Sometimes you should take the leap

Special: New Zealand from the West Coast for $450. Roundtrip.

It was the day before graduation.  I hadn’t found a job yet.  I had planned for that, and had some money saved up to last me at least through the summer.  I even had set aside $600 for travel.  Figured I’d go visit my roommate in Mexico.

Or I could go to New Zealand.  For a fare that would usually get me halfway across the country, I could go halfway around the world!

But what about finding a job?  I had just submitted some job applications, and was in the middle of doing a lot of informational interviewing.  Wouldn’t it be reckless to just up and go to New Zealand?

My undergraduate decision analysis classes always talked about choosing the path that maximized your expected value.  Unfortunately, it’s really hard to quantify the value of going to New Zealand and easier to quantify the value of getting a job.  On the other hand, my business school decision analysis class focused on more practical ways to apply decision analysis, especially in cases where the more classical, calculated methods failed.  Maximize the chance of really good, or minimize the chance of really bad.  In other words, maximize happiness, or minimize regret.
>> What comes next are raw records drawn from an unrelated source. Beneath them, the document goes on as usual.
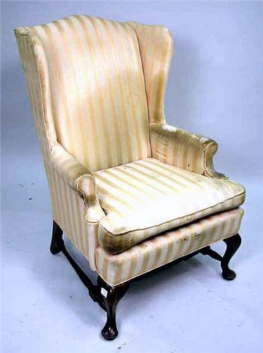 A QUEEN ANNE STYLE EASY CHAIR; In the Massachusetts tradition, distressed
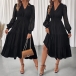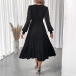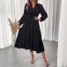Elegant Lace Spliced V-neck Lace Spliced Long Sleeve High-rise Midi Dress
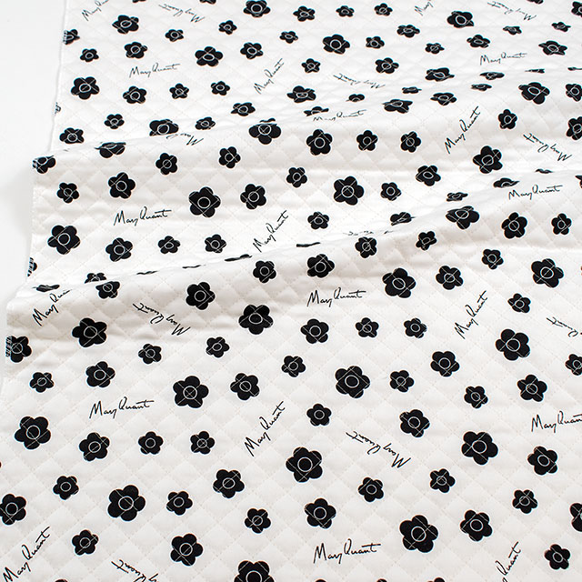 マリークヮントのブランドアイコンを一面にちりばめたキルト生地です。
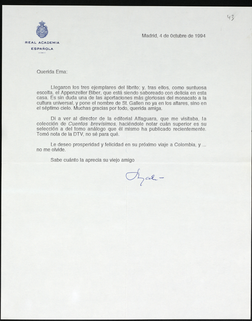 No sabe Vd. cómo le agradezco –y valoro– su opinión sobre Vísperas. Es una generosidad amistosa haberlo leído y que esas novelas le interesen. También cuando esté en Madrid, me agradará conocer en detalle, y con sus instructivas observaciones técnicas, su opinión. El que merezca su consideración, y bien sabe que no incurro en cortesía retórica, significa para mí uno de los más importantes alientos.

Going to New Zealand would be pretty awesome.  Even if I encountered some bad travel experiences, I’d probably look back at it as a once-in-a-lifetime opportunity.  If I chose to stay home, I might find a job, I might not.  If I did find a job, it’d be good.  Not sure I’d call it awesome.  I’d probably feel relieved, at best.  If I didn’t find a job, I’m sure I would kick myself for not jumping on that fare special.  It’s not like staying home for two weeks would doom me to a life of unemployment.  “Why didn’t I go?” I would ask myself.

New Zealand won on both counts.  Maximized happiness, AND minimized regret.  I called my sister.

“Heyyy… so I’ve decided I’m going to New Zealand.  Wanna come?”

“What? When?”

“At the end of the month.  I’m going to New Zealand.  You should come with me.  It’ll be awesome.”

“Uh, let me check with my boss.  Let’s talk about it tomorrow.”

The next day, as she was doing my hair for my graduation ceremony, my sister got her boss’ ok and I booked her flight.  During the ceremony, we both texted my cousin and her husband in SoCal and convinced them to come, too.  Over the course of 24 hours, I had convinced four people (myself included), to drop everything and go to New Zealand in three weeks.

Was I crazy?  Well, I went, and it was awesome.  I took a side trip to Australia, and stayed with a friend I had made while traveling abroad the year before.  I saw the best of Auckland, thanks to a friend I had made in business school.  My sister, cousin, her husband, and I explored some of the most majestic sights I’ve seen in my life.  And while I was there, I got offered a lucrative internship for the summer.  I started work when I got back.  Things turned out just fine.

But the point of the story is not that things turned out fine.  It’s that despite my initial hesitation, I made the decision that was right for me.  As my undergraduate advisor used to say, “You can’t control the outcome, but you can control your decision.  Invest your effort in making good decisions, and let the world do its thing.”

The next time that little voice in your head keeps you from doing something, call it out.  Weigh your decision.  What’s the worst that can happen?  What’s the chance of that happening?  What’s the best that can happen?  What’s the chance of that happening?  What do you care about more: maximizing the chance of happy, or minimizing the chance of regret?  Which choice gives that to you?  If after thinking through all that, it still makes sense not to do it, that’s fine.  But if all signs point to go, by all means, go for it!